Saturday, 22 October 2016

ADA SALT WOMEN ARE ANGRY

Doris Mensah , member of  (ASSWA)
By Duke Tagoe
Two hundred women of the Ada Songhor Salt Women’s Association (ASSWA) have held a mammoth demonstration and a media conference at Sege and in Accra concurrently to press home their demand for the collective ownership of the Ada Songhor Lagoon.

The salt winners insist that the lagoon must be maintained as a communal resource open to all salt winners from communities along the lagoon and to every other Ghanaian.

They have also fiercely condemned the construction of huge dykes, popularly referred to as “Atsiakpo” which are reservoir made for water siphoned from the lagoon for the production of salt by some individuals.
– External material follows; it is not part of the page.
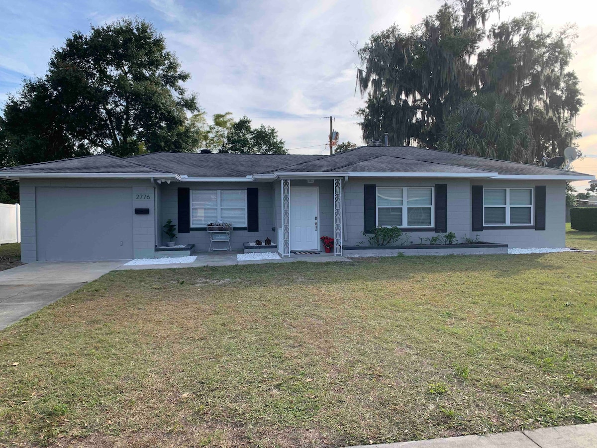 À distance de marche de tout ce que le centre-ville de Mount Dora a à offrir ! Notre charmant chalet des années 1940 de 2 chambres et 1 salle de bain a été récemment rénové. Comprend une cuisine entièrement équipée, une terrasse avec barbecue à gaz et un foyer extérieur. Espace de vie confortable et élégant avec télévision connectée de 65 pouces. La chambre principale dispose d'un lit King Size et d'une télévision connectée. La deuxième chambre dispose de deux lits jumeaux confortables. Vélos disponibles. Que vous veniez vous détendre, faire du bateau, faire du shopping ou participer à l'une des nombreuses festivités de Mount Dora, envisagez de séjourner ici !

At peak levels, the lagoon produces 250 metric tonnes of salt, but that potential has dwindled over the years due to the privately owned dykes that have also caused the destruction of the landscape of the Ada area.

Doris Mensah, a salt winner, who participated actively in the demonstration, was enraged at the destruction of her livelihood and those of several other women.

According to her, “The emergence of the Atsiakpos had driven the once independent salt winners into wage labourers, who are paid a pittance for each pan of salt wined for the owners of the dykes.”

In what can be said to compound the problem and is considered as a worst forms of human rights violation, Doris alleged that on many occasions the private owners of the dykes demand sexual favours from the women before they were allowed to win salt for themselves.

Addressing a press conference in Accra, Mary Akuteye, the President of the Ada Songhor Salt Women’s Association pointed out that the Songhor Master Plan of 1991, developed by the assistance of the Cuban government was the solution to much of the problems surrounding the Ada Songhor Lagoon.

“It is certain, that the Songhor Master Plan of 1991 is the most important document that recognizes our rights as indigenous primary stakeholders and seek to integrate our livelihood needs with government and business interests,” she said.

According to her, although a majority of the salt winners were non-literate, because of poverty and cultural barriers, they were nevertheless knowledgeable about the laws, plans and agreements around the lagoon.

Among several demands packaged in a petition to President John Dramani Mahama, the salt winners of Songhor demanded support in their mobilisation efforts as women and also demanded inclusive, equitable and sustainable development by duty bearers by the endorsement of the Songhor Lagoon as a common resource.They equally pleaded with the President to abide by the United Nations Declaration of the rights of Indigenous People (UNDIP) and exercise stewardship over the lagoon as a communal resource for the elimination of the private dykes.

The demonstrators also demand that government “proactively and urgently institute policies and effect action to implement PNDC law 287 to “ensure the efficient development of the Ada Songhor lagoon to the benefit of the contiguous communities and the public interest.”


The struggle for the control of the Ada Songhor Lagoon has a long history. On the May 17, 1985, Margaret Kuwornu, a pregnant woman was shot dead by a band of policemen in their quest to drive out some local people who were believed to be mining salt at a part of the lagoon believed to have been given to Vacuum Salt Products Limited, on concession. A statue of Margaret Kuwornu has been erected very close to the lagoon as a reminder of the agony and the continuing attempts at the takeover of the Ada Songhor Lagoon.